The search will take a couple of minutes (unless the Bic is busy). When
it is finished you can look at the high-score list and alignments in the
output. Use the SRS links to learn about the top hits.
Questions
-
1. How are SM entries distributed in the output?
-
2. Are the E-values a reliable guide to SM protein detections?
-
3. Is the profile search more or less sensitive than the single sequence
queries?
-
4. Collect a multiple alignment using the buttons in the header:
-
Is this useful to judge the detections?
-
Can you see any conserved positions in the alignment?
Step 5. Comparing a sequence to a database of protein
domains
Since profile searches are so sensitive, it would make sense to query
an unknown sequence against a set of profiles for known protein families.

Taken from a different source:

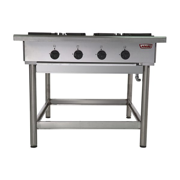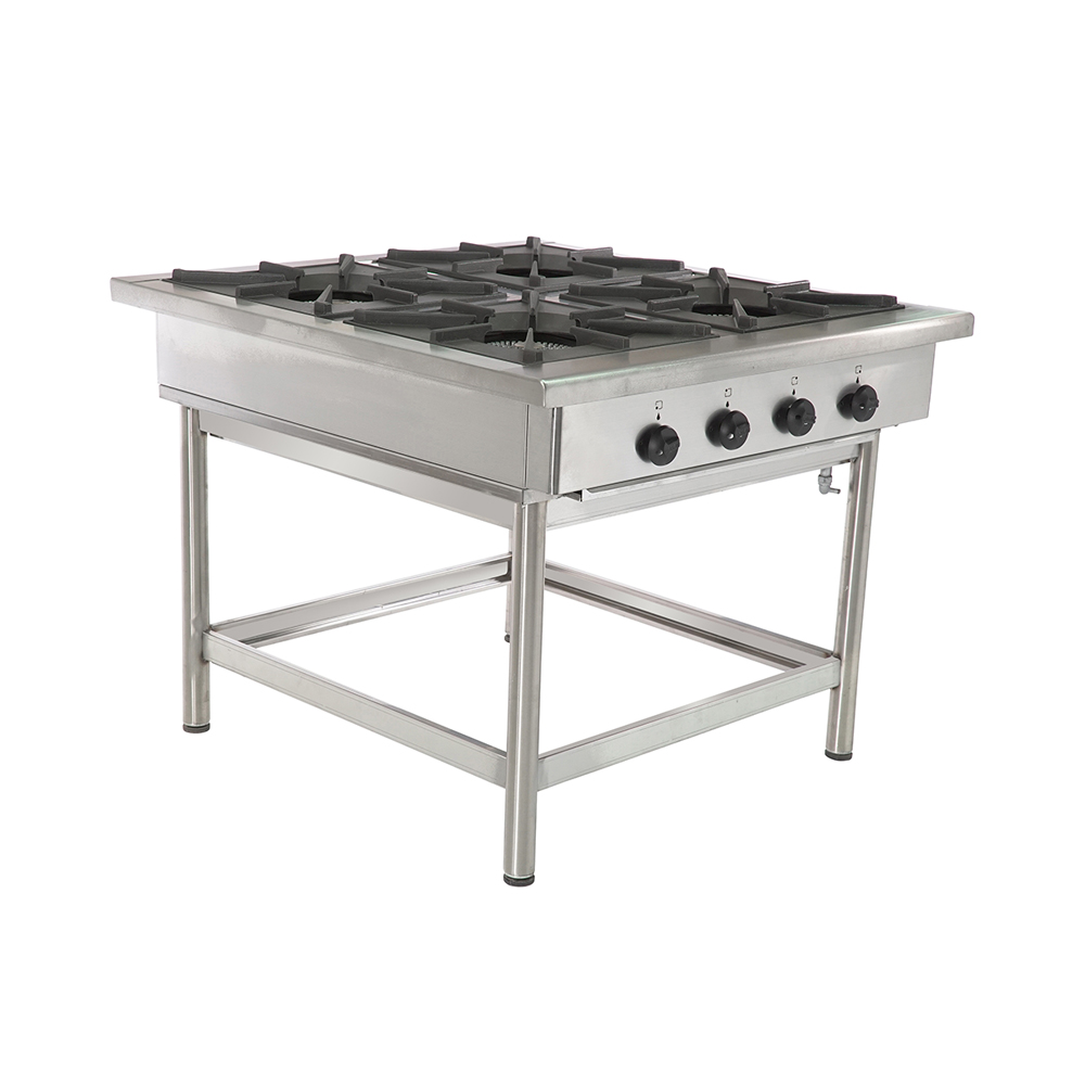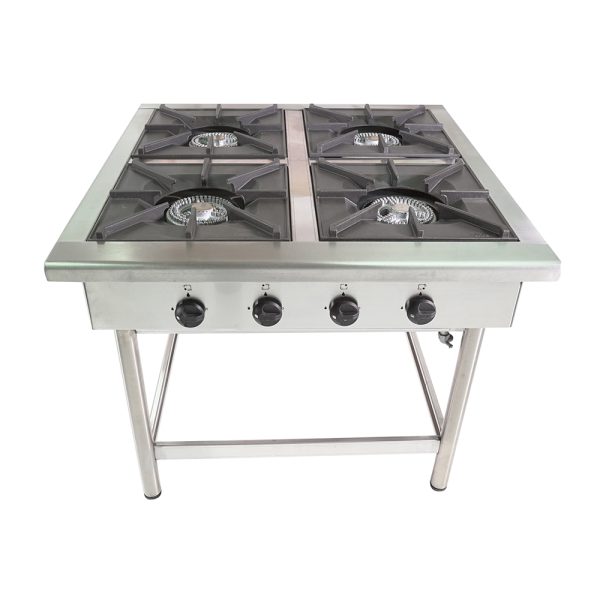 Construidos íntegramente en acero inoxidable. Platos de fierro fundido tratados con pintura resistente a altas temperaturas, diseñadas para sostener las ollas sin interrumpir la transmisión del calor. Quemadores industriales de aluminio de 180 mm de diámetro, comandados por llaves de 3 posiciones con dispositivo de seguridad. Platos y bandeja de rebalse en acero inoxidable. Patas de acero inoxidable tubular. Estos equipos están certificados conforme a la reglamentación y normativa vigente.

There are several very useful databases of modules that are found in multidomain
proteins, including PFAM
at the Sanger Centre, PROSITE
at ISREC and SMART at EMBL.
They use a form of profile technically described as a "hidden Markov model",
but the end result is very much like the profiles we just ran. We will
search for protein domains in an "unknown" protein using the SMART server.
-
Load the SMART query page.
-
Toggle on PFAM domains (includes more domains).
-
Get the "unknown
sequence" and cut and paste it into SMART's Sequence box.
-
Click on the Sequence SMART Button.
-
The search should take about a minute unless the server is busy.
-
When you get the results, note the domain "bubble" diagram and the table
of matching domains.
Questions
-
Based on your recent experiences would you say the E-value scores are
good?
-
What happens if you click on a domain bubble?
-
Is the domain common?
-
Is there any literature on the domain?
-
Are there structures for any of these domains?
-
Is this protein likely to be in the nucleus, cytoplasm or extracellular
compartments?
-
Can you say what kind of protein it is?
-
Do you think this protein has especially many or few domains?
-
Try repeating the SMART search with FBN1_HUMAN,
the Marfan Syndrome protein.
Take Home Lessons
Hopefully the exercise of varying the query type has illustrated
that the way a search is set up is very important. The queries here illustrate
the effect of different sequence types. There are other parameters that
often influence the search sensitivity. For example when a globular domain
is longer, the Gonnet
Pam250 matrix would be expected to outperform the default Blosum62
in the detection of divergent homologues, because it is less stringent
and so gives longer optimally matching segments. (Over short matches it
is noisier and could perform worse). In fact we used the Gonnet matrix
to make the profiles: because of the extra information in the alignment,
profiles usually perform better with Pam250 than Blosum62. Also, gap penalties
are critical parameters in dynamic programming and should always be tested
by trial and error. In other words, it pays to try several variations in
the searches, not just accept the results of the first search.